European markets have enjoyed an uptick in economic momentum over the past few months, leading many to believe the region may finally be getting back on its feet after sovereign debt troubles weighed on confidence over the past four years.
Yet, two risk events could change all of that in October, according to Nomura.
The upcoming Troika review of Greece's reform process and an Italian senate vote could derail recent optimism and bring about a "European structural backsliding," analysts at Nomura Equity Research said in a report.
The European Central Bank, International Monetary Fund and European Union - dubbed the Troika - are due to arrive in Athens sometime next month to assess the pace of reforms.

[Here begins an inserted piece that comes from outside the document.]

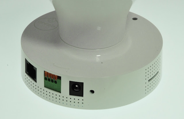 側面をみると、LANケーブルのポートとACアダプタを接続するところがあります。またMicro-SDカードも差し込めるようです。これに撮影した画像や動画データが蓄積されるようです。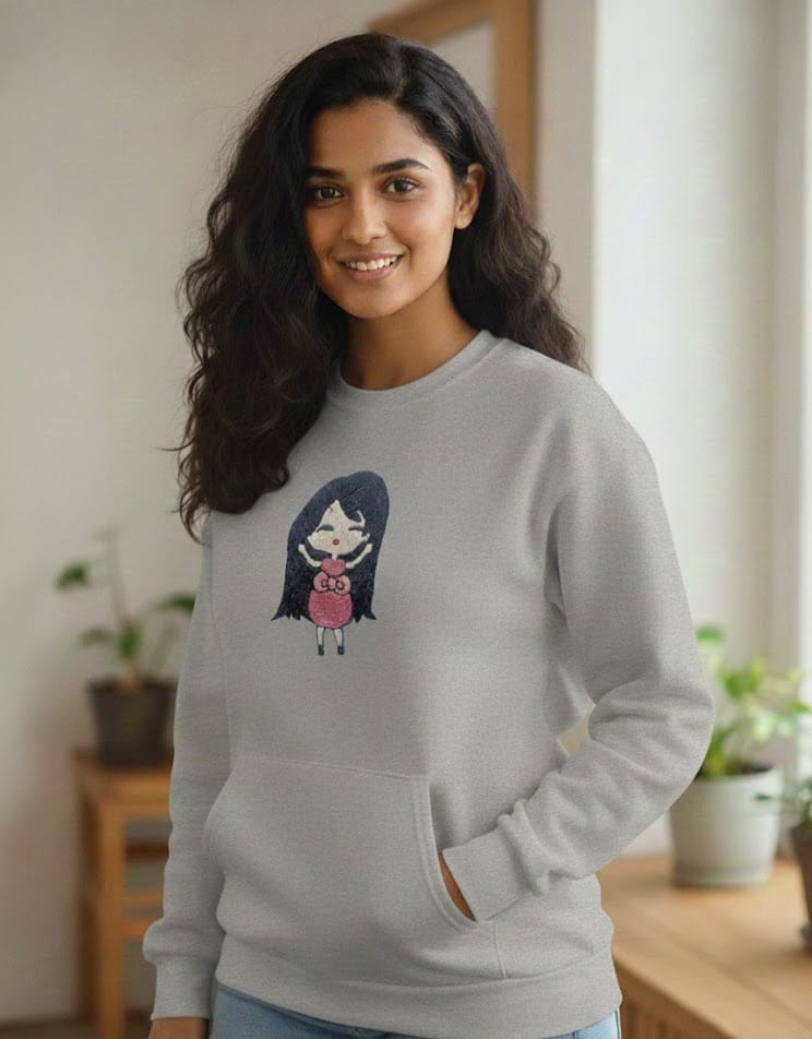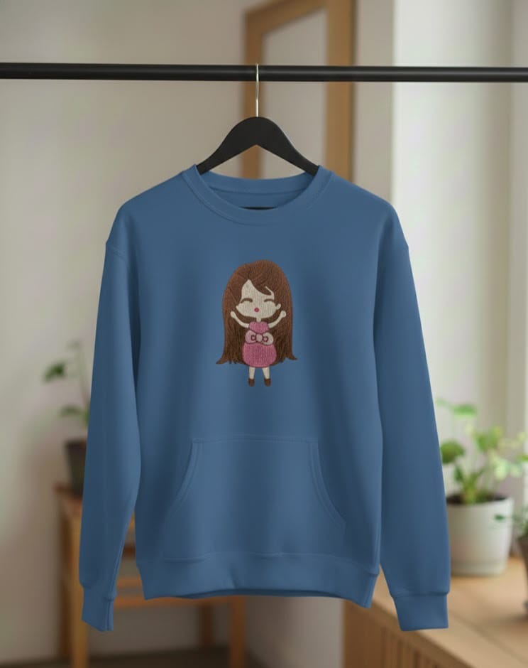 Stay warm and stylish with this Cute Doll Embroidered Sweatshirt, designed for those who love comfort with a touch of cuteness. Featuring a charming hand-embroidered doll motif, this sweatshirt brings a sweet, aesthetic vibe to your everyday wardrobe. Crafted from premium-quality fabric, it offers a soft feel and long-lasting comfort.

If they are dissatisfied with Prime Minister Samaras' progress, "it could bring the question of a further debt restructuring back to the fore, and raise concerns over similar steps proving necessary for Cyprus and Portugal," the report said.
Athens already received a debt write-down of over 100 billion euros in 2012, the largest ever sovereign-debt haircut. If a second attempt is made, fears of a spillover effect could lead to a spike in peripheral bond-yields, which have fallen recently due to positive growth data.
Last month, German finance minister Wolfgang Schaeuble warned of the possibility of a third bailout package for the Mediterranean nation.
October will also see a vote in Italy's senate on the possible ban of former Prime Minister Silvio Berlusconi from public office, which Nomura argues could pose a threat to the stability of the ruling coalition and revive national political turbulence following the formation of a new government in April.
"The biggest immediate threat to the coalition is, we believe, consideration in the senate over whether Mr Berlusconi should be expelled from the seat he won there in the February 2013 general election under the terms of a 2012 anti-corruption law," wrote Alastair Newton, Nomura's senior political analyst.
"Some of Mr Berlusconi's supporters are arguing that the 2012 law should not be applied retrospectively," which threatens to bring down the government if it is, he added.
(Read more: Italy's crucial tax deal will come at a cost)
These risks could see investor confidence in the euro zone retreat despite the recent spate of upbeat economic reports, including factory activity and second-quarter GDP, which helped both the FTSEurofirst 300 and MSCI Europe indices squeeze out 1 percent gains since the beginning of May.
"The outlook for European equity market performance unambiguously remains closely tied to developments in the continent's large, stressed sovereigns. With this in mind, the European equity markets are likely to trade in line with the market's perception of political risk," the report stated.
(Read more: Should you dive into European markets?)
Despite these risks, Nomura maintains its overweight rating on European equities and expects them to outperform their U.S. counterparts in the months ahead.